RCytoscape connects R and Cytoscape using XMLRPC, a standard WWW protocol for transmitting messages and data between programs. It is implemented in the ‘CytoscapeRPC’ plugin and by the complementary open source RCytoscape package, written in R and freely available through the Bioconductor web site. Nearly all of Cytoscape’s operations appear as function calls in R. Networks can be assembled from data marshaled in R from public or proprietary network databases and then displayed in Cytoscape. Conversely, data and networks loaded into Cytoscape using native Cytoscape methods may be imported into an R session via a simple function call. Network layout and visual mapping for nodes and edges can be specified and applied. Zooming and selection, filtering based on attributes, animation (changing node positions, changing node and edge colors, shapes and sizes) all become possible. R is a complete, interpreted and batch-oriented programming environment, so network creation, manipulation, exploration and analysis can proceed one command at a time, or be combined into scripts and programs, encouraging reproducible analysis, and thus reproducible research. By contrast, recreating visualizations in Cytoscape, and any analyses performed through the traditional Cytoscape combination of interactive commands and plugins, can only be accomplished by recapitulating a precise sequence of mouse clicks, which is error-prone and which restricts the dissemination of useful analyses.

Another virtue of scripting control of Cytoscape is the ease which with animations (dynamic displays) can be made. When a sequence of Cytoscape maps are displayed, or when a single map is modified by scripted commands, an extra dimension of information is added. This extra dimension may be time, based upon time-series experimental data, but it can equally well, for example, be cell-type, or treatment. The underlying scripting and display techniques are the same: several frames are shown in sequence, and optionally saved as replayable images (see Additional files 1, 2 and 3).

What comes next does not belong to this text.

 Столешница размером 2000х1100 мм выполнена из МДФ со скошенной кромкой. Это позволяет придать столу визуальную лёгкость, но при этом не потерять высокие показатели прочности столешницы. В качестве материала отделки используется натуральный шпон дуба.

RCytoscape provides three methods for distributing (‘publishing’) biomolecular maps, static or dynamic, each tailored to a different audience. Simple browser publishing is supported by exporting dynamic network images from RCytoscape into a web page. For experienced Cytoscape users, networks created with RCytoscape may be saved and shared as Cytoscape session files. In laboratory settings where some programming skill is available, and particularly where cross-laboratory collaborations are involved, code and data can be combined into easily shared R packages so that networks, experimental data, algorithms and visualization become ‘live documents’ shared and evolving over time (the case study, below, is provided as an R package; Additional files 4 and 5 demonstrate this valuable scientific practice).

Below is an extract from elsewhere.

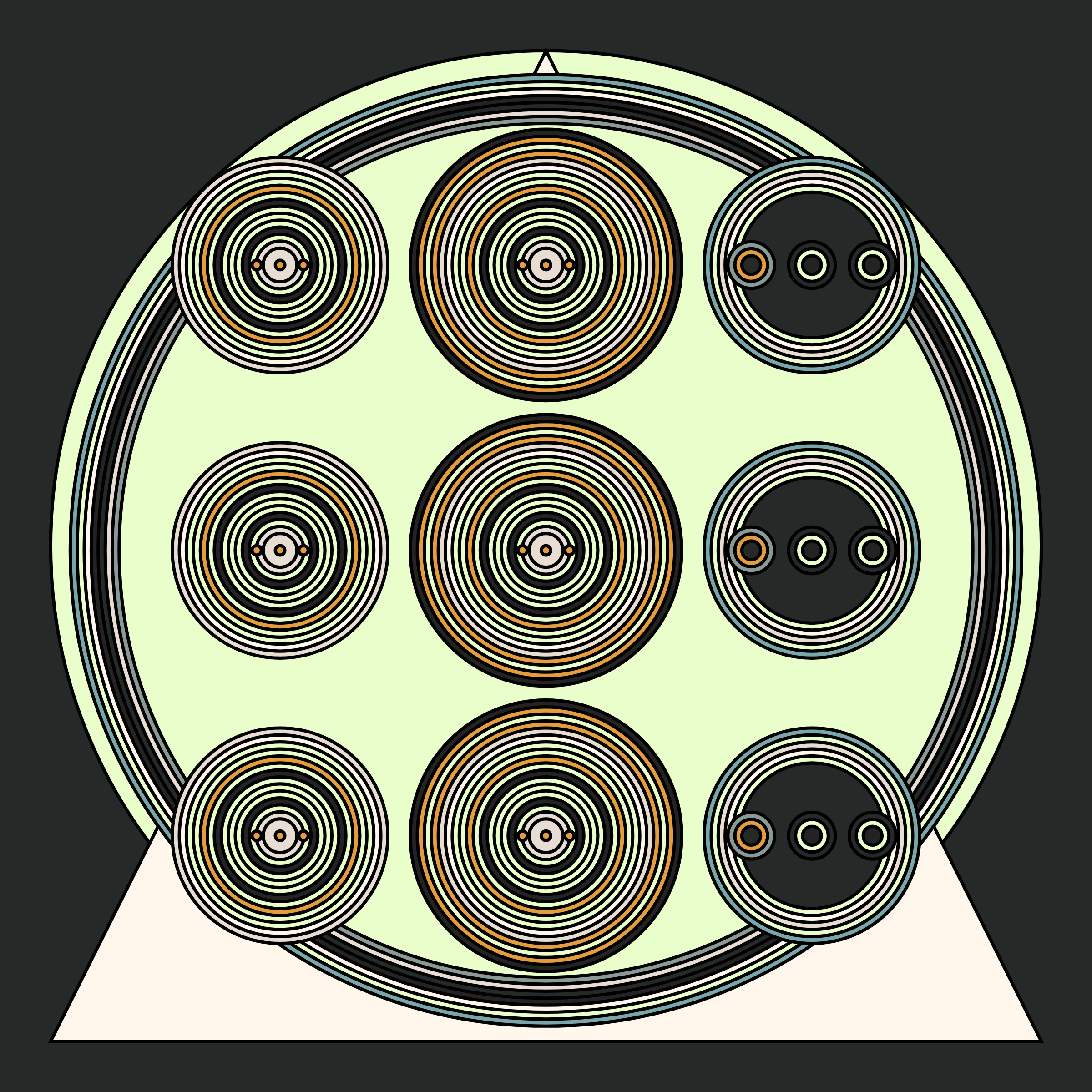 A study in composition using simple shapes and layout rules. When repetitive patterns fail, and the symmetry isn't quite right, the images are strangely evocative. Somewhere between art deco, pop art, and sci-fi.

With the release of Cytoscape 3.0 in February of 2013, a new application architecture is available. With version 3.1, expected in late 2013, built-in support for a “RESTful” [25] inter-process communication protocol is planned, coupled to the new “TaskFactory” API. This will provide the basis for the next version of RCytoscape. A native Python scripting interface will very likely appear then as well. However, even with the availability of native Python scripting for Cytoscape, R and RCytoscape will continue to offer unique capabilities, power and convenience due to R’s long history, and its current capabilities and popularity for doing bioinformatics and computational biology.

Additional file 1. (twoTumorsPDGFRAneighborhood.gif: an animated data display of the PDGFRA neighborhood of the two tumors discussed in the body of the article).

Format: GIF Size: 605KB Download fileOpen Data

Additional file 2. (thirteenTumorsFullNetwork.gif: an animated data display of thirteen tumors (a superset of the two discussed in the paper and animated in Additional file 4) in the context of a much larger collection of cancer-related networks).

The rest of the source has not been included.